Scale sabotage

traceyc83
traceyc83 Posts: 72 Member
edited December 2 in Success Stories
My scale seems to be messing with me. I noticed after I lost my first 20lbs that my weight jumps all over the place. So I started googling to find out if it was normal to weigh yourself in the morning and weigh one thing and then weigh yourself an hour later and have there be a 2-4 pound difference. I'm working out almost every day, I don't eat junk food anymore and I try to drink enough water so I thought maybe it was my scale, so I bought a new one. Same thing happens. So I started experimenting, and this is what I found.
-I weigh more first thing in the morning.
-I weigh more when I don't drink enough water the day before.
-Hormones effect my weight A LOT.
I can't weigh myself during my period because it is extremely inaccurate. The scale tells me I've gained 3 lbs and then a day or two after its gone it tells me I've lost 5 lbs.

It's extremely frustrating because I never really know how much I weigh. I'm doing everything right so I don't know what's going on.
Does anyone else have this problem?

Replies

  • This content has been removed.
  • codygish
    codygish Posts: 63 Member
    edited June 2016
    You may find it helpful to either restrict your use of the scales to once a month or set up an Excel spreadsheet that averages your last 10-14 days if you want to weigh everyday. The average allows you to see the trend in your weight.

    The attached screenshot is my Excel sheet - I just fill in my morning weight-ins and the sheet fills in the rest.

    wltlldj86lam.jpg

    The two week and four week trends are future projections.

  • mags8726
    mags8726 Posts: 10 Member
    codygish wrote: »
    You may find it helpful to either restrict your use of the scales to once a month or set up an Excel spreadsheet that averages your last 10-14 days if you want to weigh everyday. The average allows you to see the trend in your weight.

    The attached screenshot is my Excel sheet - I just fill in my morning weight-ins and the sheet fills in the rest.

    wltlldj86lam.jpg

    The two week and four week trends are future projections.

    LOVE your spreadsheet!! Did you find the template online or create it yourself?
  • Kimo159
    Kimo159 Posts: 508 Member
    I gain around 2lbs during ovulation, I gain 2-6lbs right before and in the first few days of my period. I got the happy scale app for my phone and it trends your weight loss much like the spreadsheet shown. What an awesome spreadsheet @codygish
  • ItsyBitsy246
    ItsyBitsy246 Posts: 307 Member
    @codygish I'm so geekin' out at your spreadsheet. Inspired. :)
  • mysticwryter
    mysticwryter Posts: 111 Member
    YAAAS. I weigh myself in the mornings. I found that working out and then weighing myself doesn't really do justice because all the water I've drank during the day and the food that I've eaten. I hate scales and I think no matter what one you use (the doctor's office old-school scale to the new and improved digital that measure BF%) they are all flawed so I usually just give/take a couple pounds on what the scale says. One time I found the gym's scale in the locker room that said I was 190.....went home after workout and weighed 179. 11 pound loss within 1.5 hrs. Yeah, right.
    Usually I weigh myself in the mornings after I use the bathroom. You're body is going through a fast, you've exhumed urine that built up in your bladder through the night, and you're taller since your spine spaces out.
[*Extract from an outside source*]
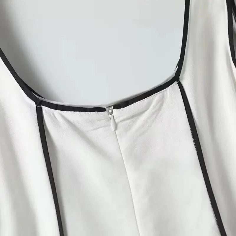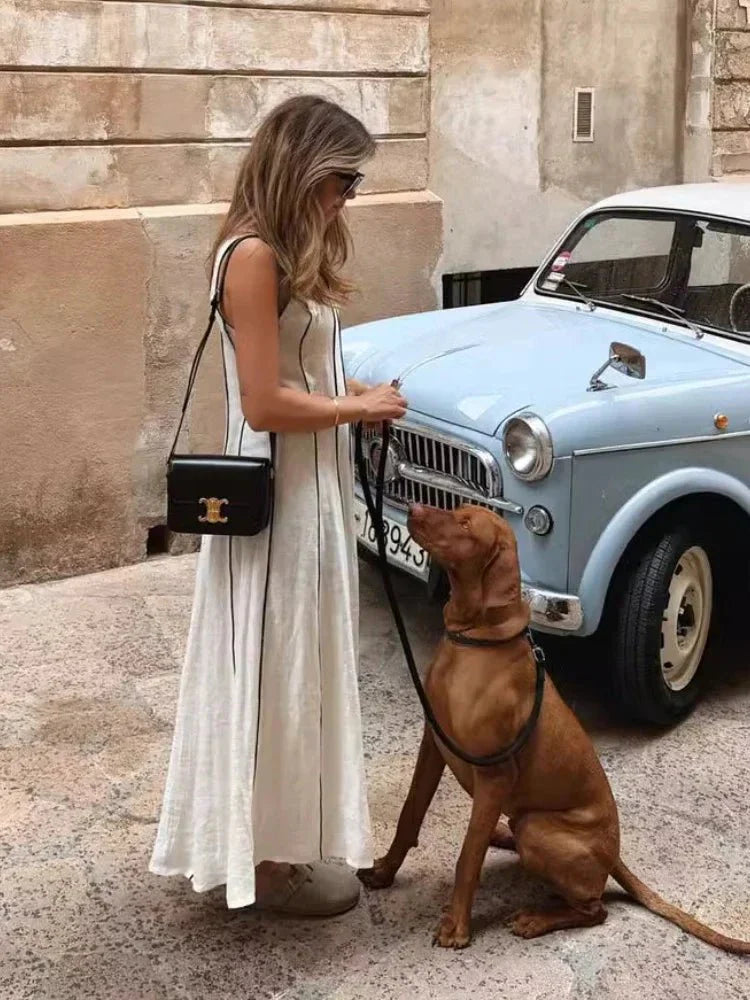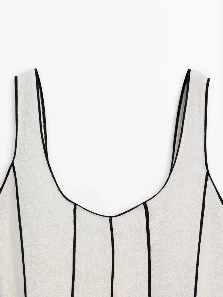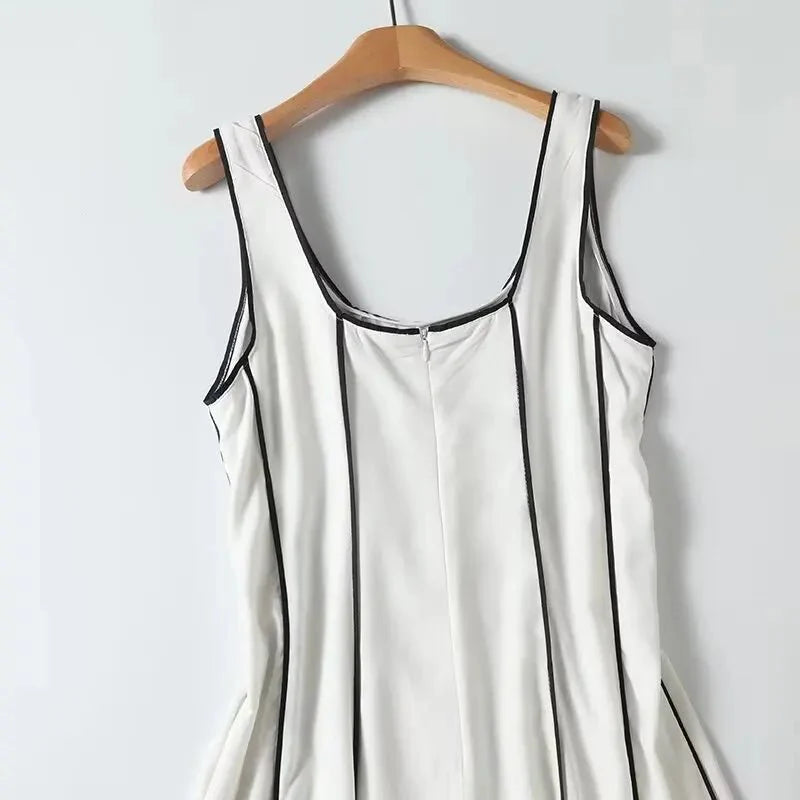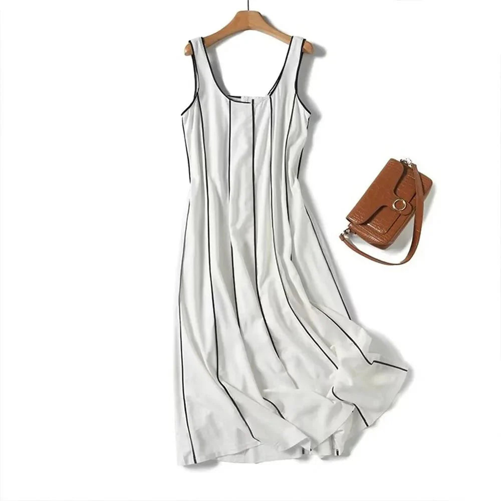 Design: A casual sleeveless dress featuring bold striped patterns and a flattering U-neckline. The mid-calf length and A-line silhouette create an effortlessly chic and breezy look.

    Also with scales and posture, if your posture is...well, bad. it will affect your weight.
  • Angelajgay11
    Angelajgay11 Posts: 26 Member
    codygish wrote: »
    You may find it helpful to either restrict your use of the scales to once a month or set up an Excel spreadsheet that averages your last 10-14 days if you want to weigh everyday. The average allows you to see the trend in your weight.
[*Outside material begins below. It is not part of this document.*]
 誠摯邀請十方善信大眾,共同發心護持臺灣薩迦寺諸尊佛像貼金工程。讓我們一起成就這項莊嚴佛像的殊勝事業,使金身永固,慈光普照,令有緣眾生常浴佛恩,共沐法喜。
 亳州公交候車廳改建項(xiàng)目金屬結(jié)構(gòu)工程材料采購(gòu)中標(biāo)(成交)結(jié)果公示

    The attached screenshot is my Excel sheet - I just fill in my morning weight-ins and the sheet fills in the rest.

    wltlldj86lam.jpg

    The two week and four week trends are future projections.

    A geek after my own heart. When I first started getting control of my eating, I made a similar spreadsheet with all the weight watchers calculations - free weight watchers tracking :smiley:
  • Angelajgay11
    Angelajgay11 Posts: 26 Member
    edited June 2016
    YAAAS. I weigh myself in the mornings. I found that working out and then weighing myself doesn't really do justice because all the water I've drank during the day and the food that I've eaten. I hate scales and I think no matter what one you use (the doctor's office old-school scale to the new and improved digital that measure BF%) they are all flawed so I usually just give/take a couple pounds on what the scale says. One time I found the gym's scale in the locker room that said I was 190.....went home after workout and weighed 179. 11 pound loss within 1.5 hrs. Yeah, right.
    Usually I weigh myself in the mornings after I use the bathroom. You're body is going through a fast, you've exhumed urine that built up in your bladder through the night, and you're taller since your spine spaces out.

    Also with scales and posture, if your posture is...well, bad. it will affect your weight.

    I take a similar approach but I wait until after I workout. Nice to have that sweat loss show up. I figure it's still consistent as long as I always do it the same :wink:

    I also don't weigh when I'm PMSing. Why add that stress to my life when I know it's a temporary thing?
  • billglitch
    billglitch Posts: 538 Member
    i weigh twice a day every day. I count the weight in the morning as accurate. I weigh at night just to see what it looks like. I can tell by what i weigh at night what i will weigh in the morning fairly accurately. For me its about information. I can see fluctuations, plateaus etc. I have digital scale and if floor is uneven or some bit of whatever under it or if battery is low it messes with me.
  • Hoohoohaa
    Hoohoohaa Posts: 48 Member
    codygish wrote: »
    You may find it helpful to either restrict your use of the scales to once a month or set up an Excel spreadsheet that averages your last 10-14 days if you want to weigh everyday. The average allows you to see the trend in your weight.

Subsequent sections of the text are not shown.